I felt really angry that the Princess was ‘outed’ by stupid, unkind & unfounded rumours circulated by so-called ‘commentators’ & ‘influencers’ (or idiots, as I like to call them) on social media. Then certain sections of the UK tabloid press picked up those rumours & amplified them. Speculation grew as a direct result of those acts of spreading rumours.


Just like every cancer patient, it was HER choice whether she wanted to tell people. Instead, she had to share her fear with the world on a Friday teatime, during a special televised address.


I listened to her whilst she tried to convey the difficult news as best she could. I watched her looking pale & shellshocked. I watched her try to reassure the public, often in the way that most cancer patients do when they’re telling their loved ones; we all try to put aside our own emotions so we can shield those around us.


The only bit of ‘schadenfreude’ for me was seeing all of the social media & tabloid press idiots looking totally idiotic. They were completely caught out, although I did see a lot of conspiracy theorists coming out with even more s**t & speculation after the televised address. These people don’t have any moral compass.


Anyway this whole horrible situation got me thinking about my own choices about when, who, how and what to tell those closest to me about my cancer diagnosis.

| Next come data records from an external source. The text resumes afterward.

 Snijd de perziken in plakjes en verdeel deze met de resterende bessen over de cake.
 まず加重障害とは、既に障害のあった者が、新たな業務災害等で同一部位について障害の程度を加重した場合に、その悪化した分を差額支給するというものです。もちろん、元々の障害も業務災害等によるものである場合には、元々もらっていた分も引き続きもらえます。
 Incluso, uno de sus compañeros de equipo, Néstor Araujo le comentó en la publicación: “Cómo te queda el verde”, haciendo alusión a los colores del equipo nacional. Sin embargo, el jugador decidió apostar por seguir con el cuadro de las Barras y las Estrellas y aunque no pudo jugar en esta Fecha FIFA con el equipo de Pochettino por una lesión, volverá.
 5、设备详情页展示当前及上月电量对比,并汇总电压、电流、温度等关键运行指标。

Sometimes telling people is out of our control. It became out of my control when I had to take an extended period of sickness absence. I’ve very rarely taken sick leave for longer than a week over my 30+ years career. However, when I commenced treatment, I started to look physically different; my skin developed a green/grey tinge, my hair started to thin & I wasn’t able to colour it because of active treatment. My eyes became dull & I had large black circles under them. My nails became ragged. I couldn’t follow sentences & plots on the tv. I became exhausted. I got terrible brain fog so I got dates & facts confused. My mobility changed. It became obvious that something was very wrong.


I realise that I had actually forgotten quite a lot about the period just after my cancer diagnosis. It’s probably down to shock. So my recollections of that time might be incorrect. Very few people I told in person or on the phone. It was much easier to tell people in a text or another kind of messaging.

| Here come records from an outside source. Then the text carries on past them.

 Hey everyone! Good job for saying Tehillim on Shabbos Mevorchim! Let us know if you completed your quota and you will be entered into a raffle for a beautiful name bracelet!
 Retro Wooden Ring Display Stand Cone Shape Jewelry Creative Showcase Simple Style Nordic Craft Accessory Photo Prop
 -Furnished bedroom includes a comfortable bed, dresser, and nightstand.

I didn’t tell that many people in person because I knew that I wouldn’t have to manage their emotions as they crumbled in front of me. I know that sounds cruel, but you need to understand that when my mum died, I had to tell people on the phone or in person because there were no such things as mobiles or emails. The hardest thing for me to deal with was their own grieving. I was 16 years old. I had to support my family who were grieving. My sister was 10. I couldn’t even process my own grieving.

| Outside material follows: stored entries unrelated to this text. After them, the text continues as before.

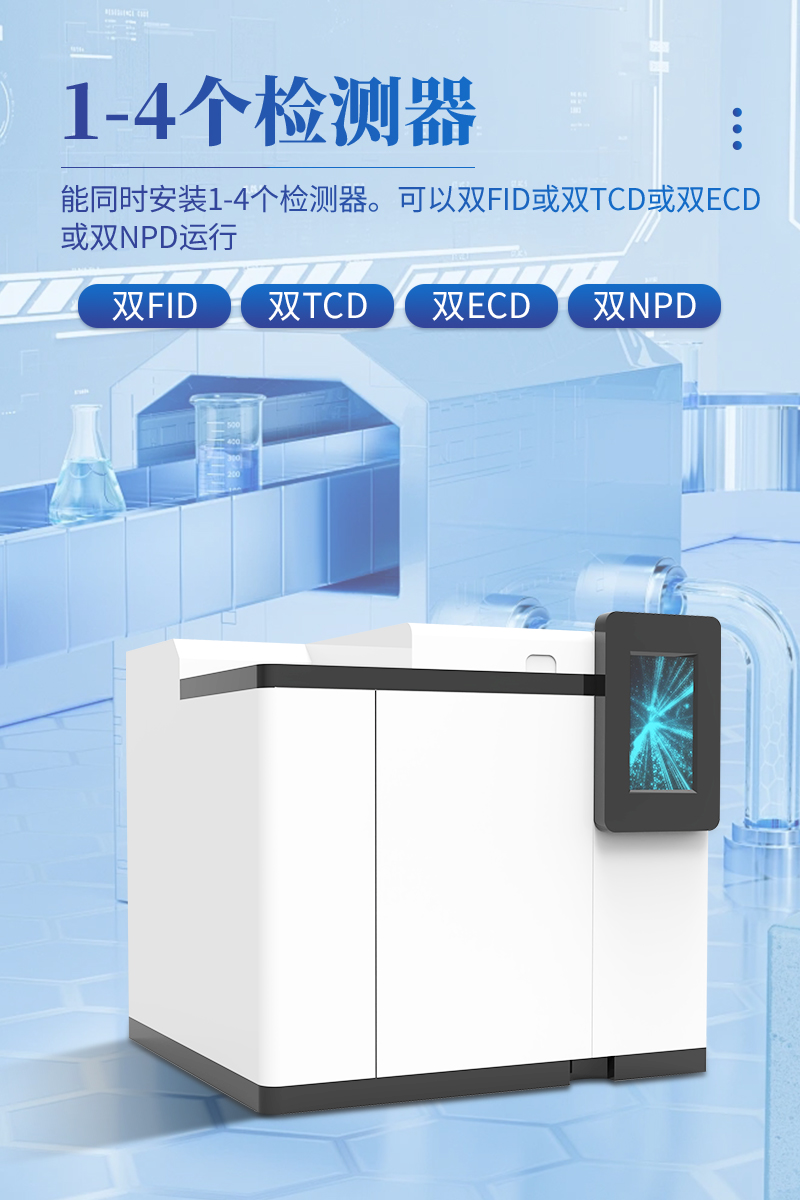 11.能同时安装1-4个检测器。可以双FID或双TCD或双ECD或双NPD运行。TCD带有双路柱后补充气,故可单柱、双柱、毛细管柱使用。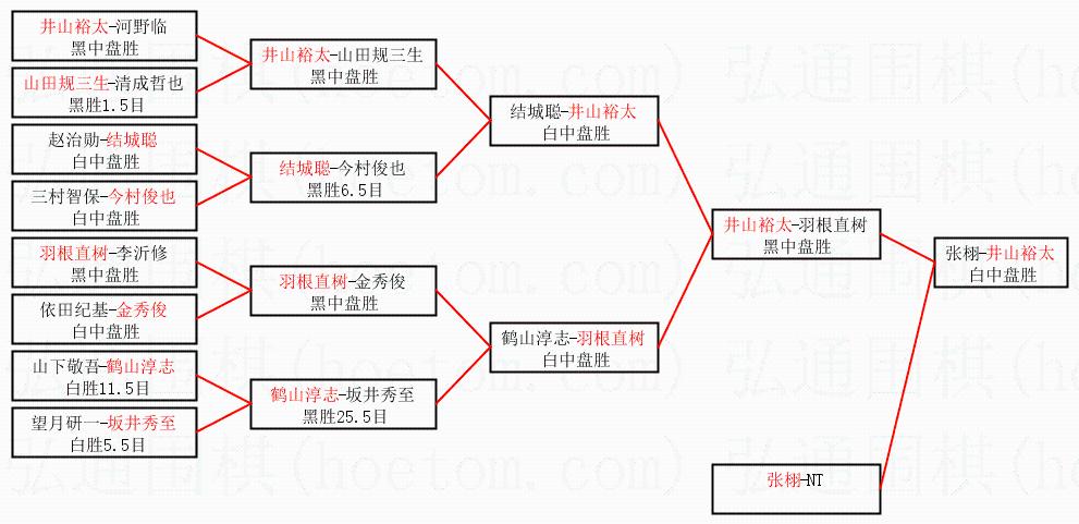 1.井山裕太获得冠军,张栩获得亚军。决赛比分:井山裕太3:0张栩。棋局:
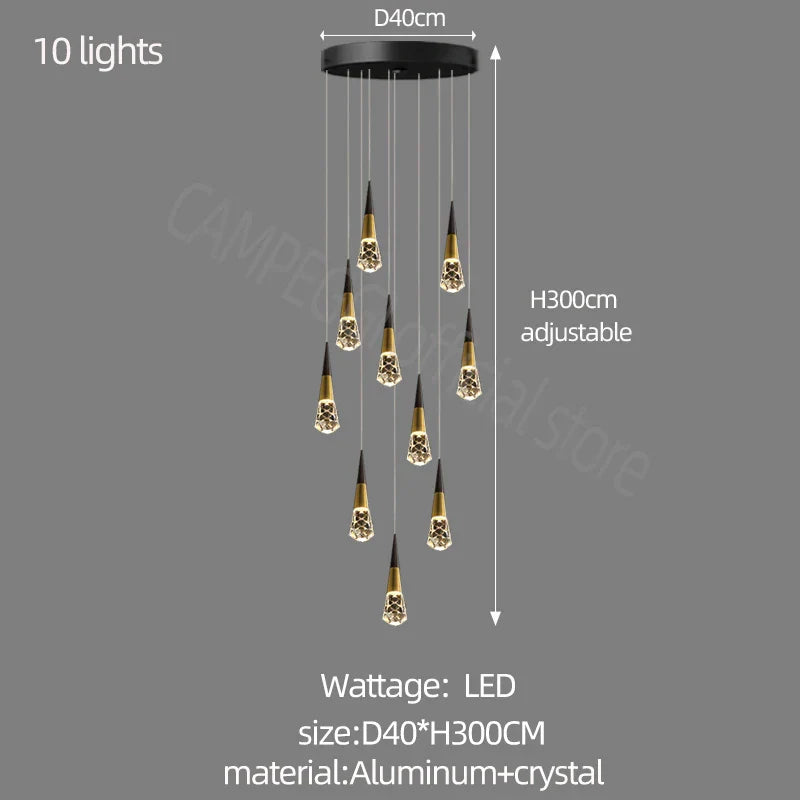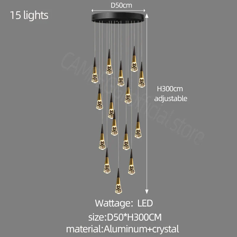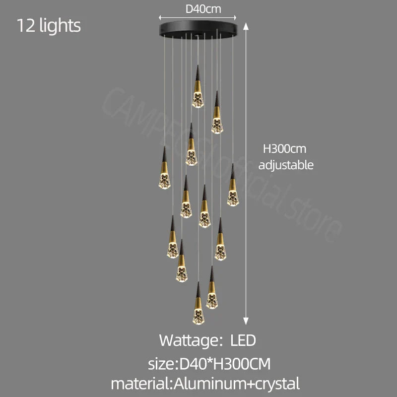 Presentamos la lámpara de araña de cristal LED para escaleras Decorbites, un complemento deslumbrante para cualquier sala de estar, cocina o restaurante elegante. Esta exquisita lámpara colgante irradia estilo moderno y sofisticación, iluminando a la perfección espacios como salones, estudios, dormitorios principales, otros dormitorios, vestíbulos y habitaciones de hotel.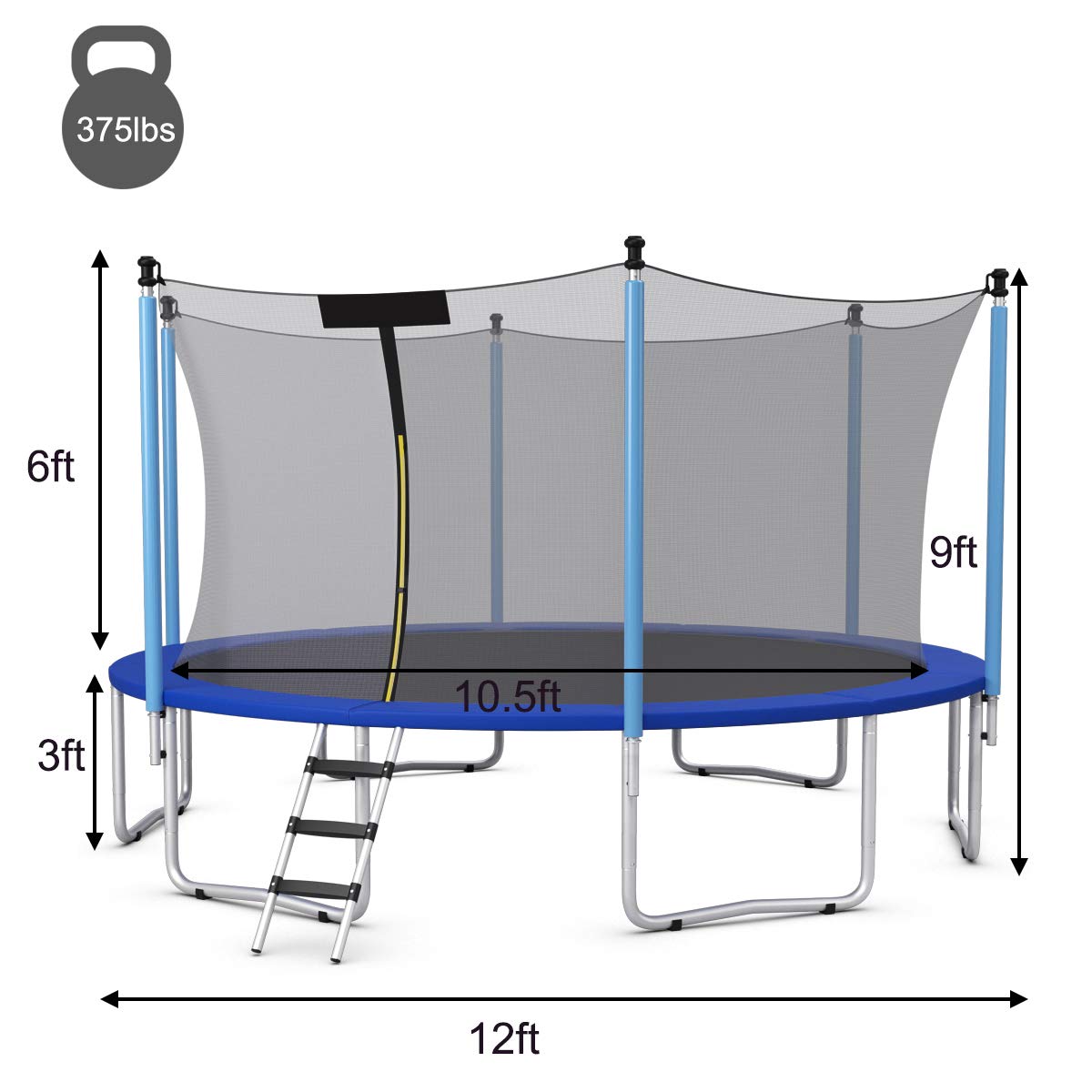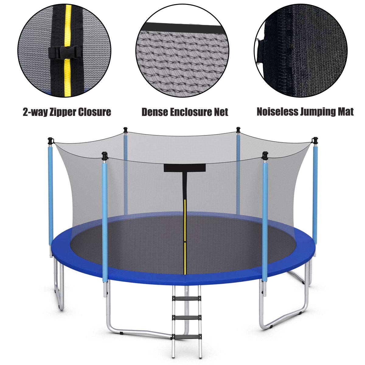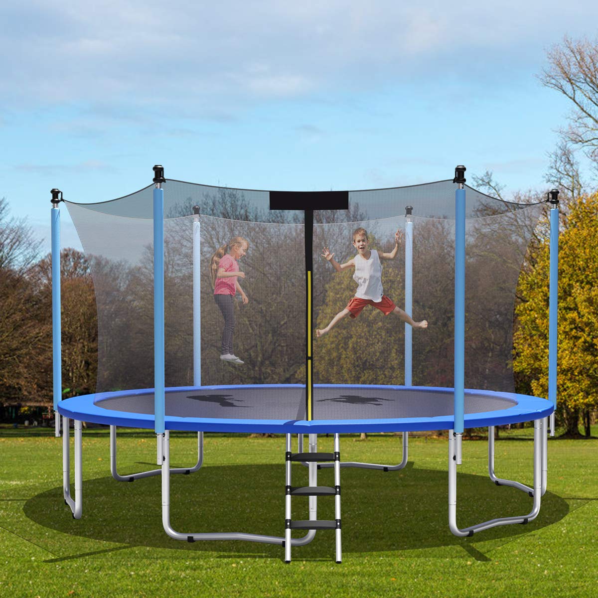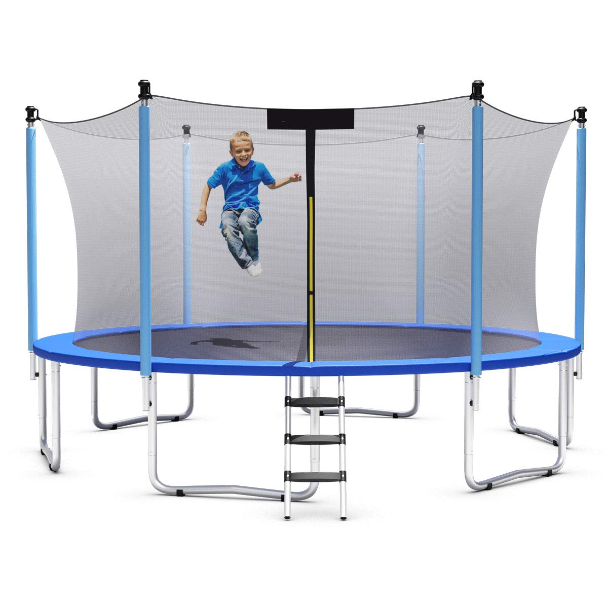 12FT 14FT 15FT Kids Trampoline with Safety Enclosure Net Ladder & Spring Cover

I made all the phone calls really quickly & so I’m told, I used a very matter of fact tone. I got criticised for that by a couple of friends. It took another couple of mutual friends to explain the obvious – that I was in total shock & not really equipped to deal with what had happened. Even though I knew deep down that my mum was really, really ill & that she was going to die, no one ever sat me or my sister down to prepare us for it. That’s not a criticism, that’s just how things were years ago. And it’s also a reflection of how my family members couldn’t process their own terrible & painful grief.


When my sister got diagnosed with cancer, I asked her if she wanted me to tell people & how she wanted me to tell people. She wanted me to be open & to keep it factual, so I set up little messaging groups etc which gave me (& her) some control. Some of the extended family were elected to update people as & when. That’s actually a good method because as a cancer patient, you get so tired during treatment.


Because this method of messaging had worked quite well, I adopted it when I was diagnosed. Both my sister & I were open with our families & we prepared our loved ones the best we could. We’d had that experience of being ‘left in the dark’ & it’s not a place that we wanted others to be in.


I told close family, my best, closest friends & my work colleagues. Then I elected a couple of friends to update others & they carried the responsibility selflessly. Most of them were the same friends who had supported me when my mum died all those years ago. With work colleagues, I elected a close friend to update them & brilliant – he made sure that he protected my partner & I throughout. All updates were empathetic but as factual as possible to protect mine & my partner’s dignity. I’m forever indebted to my lovely friends.
I never put anything on social media until I finished all of the active treatment. From the messages of love & respect that I received afterwards, I understand now that people were aware that “something” was going on. There’s no doubt that friends told ‘friends of friends’ & colleagues; that’s natural to me. Afterwards I told people that I didn’t mind that this had happened because it made managing my emotions easier. But what I don’t like to think about, & I don’t think this happened anyway, is if people were gossiping &/or speculating behind my back. I come from a small town where everyone knows everyone so I’m hyper-sensitive to gossip. Speculation & gossip are so degrading & detrimental to your wellbeing. It’s so unnecessary & it can do so much harm.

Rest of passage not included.